*** Source data

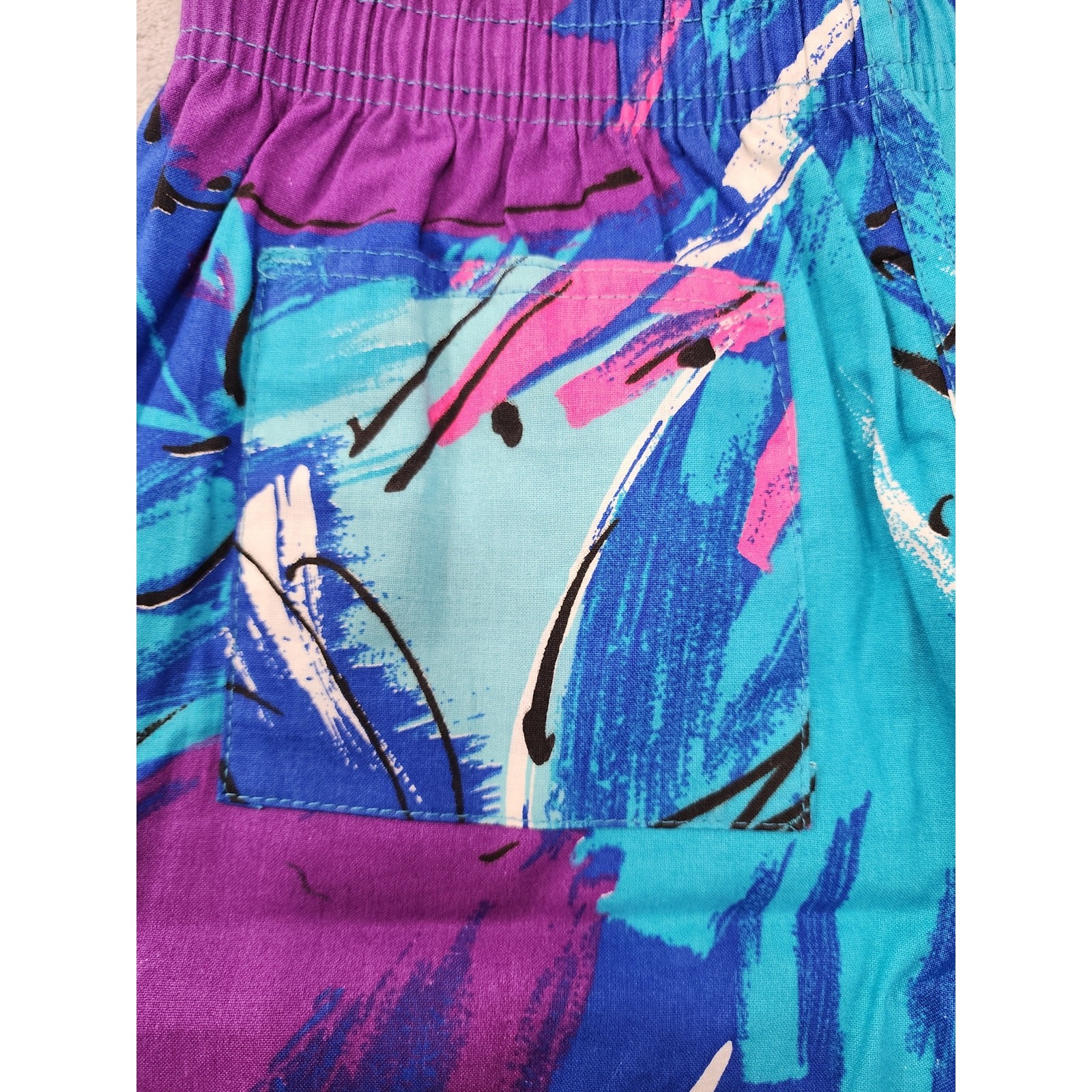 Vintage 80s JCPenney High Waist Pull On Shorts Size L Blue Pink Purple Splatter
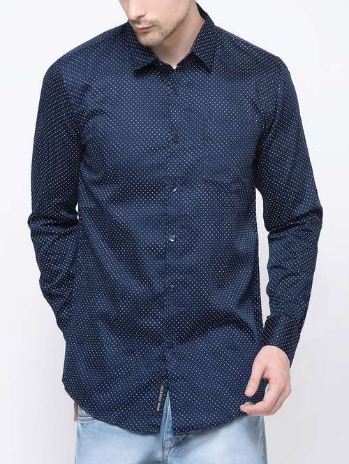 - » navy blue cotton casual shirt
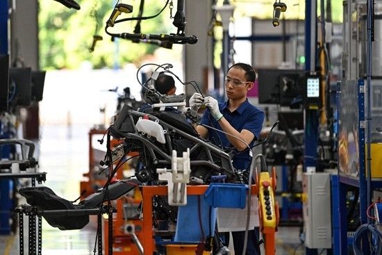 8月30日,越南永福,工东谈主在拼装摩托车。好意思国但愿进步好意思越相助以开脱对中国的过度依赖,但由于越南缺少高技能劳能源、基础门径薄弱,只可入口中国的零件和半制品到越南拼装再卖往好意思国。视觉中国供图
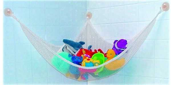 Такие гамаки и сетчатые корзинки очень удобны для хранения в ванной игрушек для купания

******
*** Source data

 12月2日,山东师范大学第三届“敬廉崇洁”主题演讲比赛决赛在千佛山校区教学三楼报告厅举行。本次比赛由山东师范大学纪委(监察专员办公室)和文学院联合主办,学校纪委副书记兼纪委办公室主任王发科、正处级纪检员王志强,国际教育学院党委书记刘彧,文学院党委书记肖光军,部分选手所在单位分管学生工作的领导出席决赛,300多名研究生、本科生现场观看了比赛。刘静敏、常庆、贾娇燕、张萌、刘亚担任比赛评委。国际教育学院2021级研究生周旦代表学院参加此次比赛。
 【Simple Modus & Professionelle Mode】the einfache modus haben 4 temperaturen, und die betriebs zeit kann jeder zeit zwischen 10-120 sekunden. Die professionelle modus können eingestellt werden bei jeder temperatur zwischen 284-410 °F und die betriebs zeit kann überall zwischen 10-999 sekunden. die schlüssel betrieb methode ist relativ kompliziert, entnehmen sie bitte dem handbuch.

******

Exercise => Leave out the images and write out the lines above exactly, from the one with "cotton casual shirt" up to and including the one with "Такие гамаки и".

Expected answer =>
 - » navy blue cotton casual shirt
 8月30日,越南永福,工东谈主在拼装摩托车。好意思国但愿进步好意思越相助以开脱对中国的过度依赖,但由于越南缺少高技能劳能源、基础门径薄弱,只可入口中国的零件和半制品到越南拼装再卖往好意思国。视觉中国供图
 Такие гамаки и сетчатые корзинки очень удобны для хранения в ванной игрушек для купания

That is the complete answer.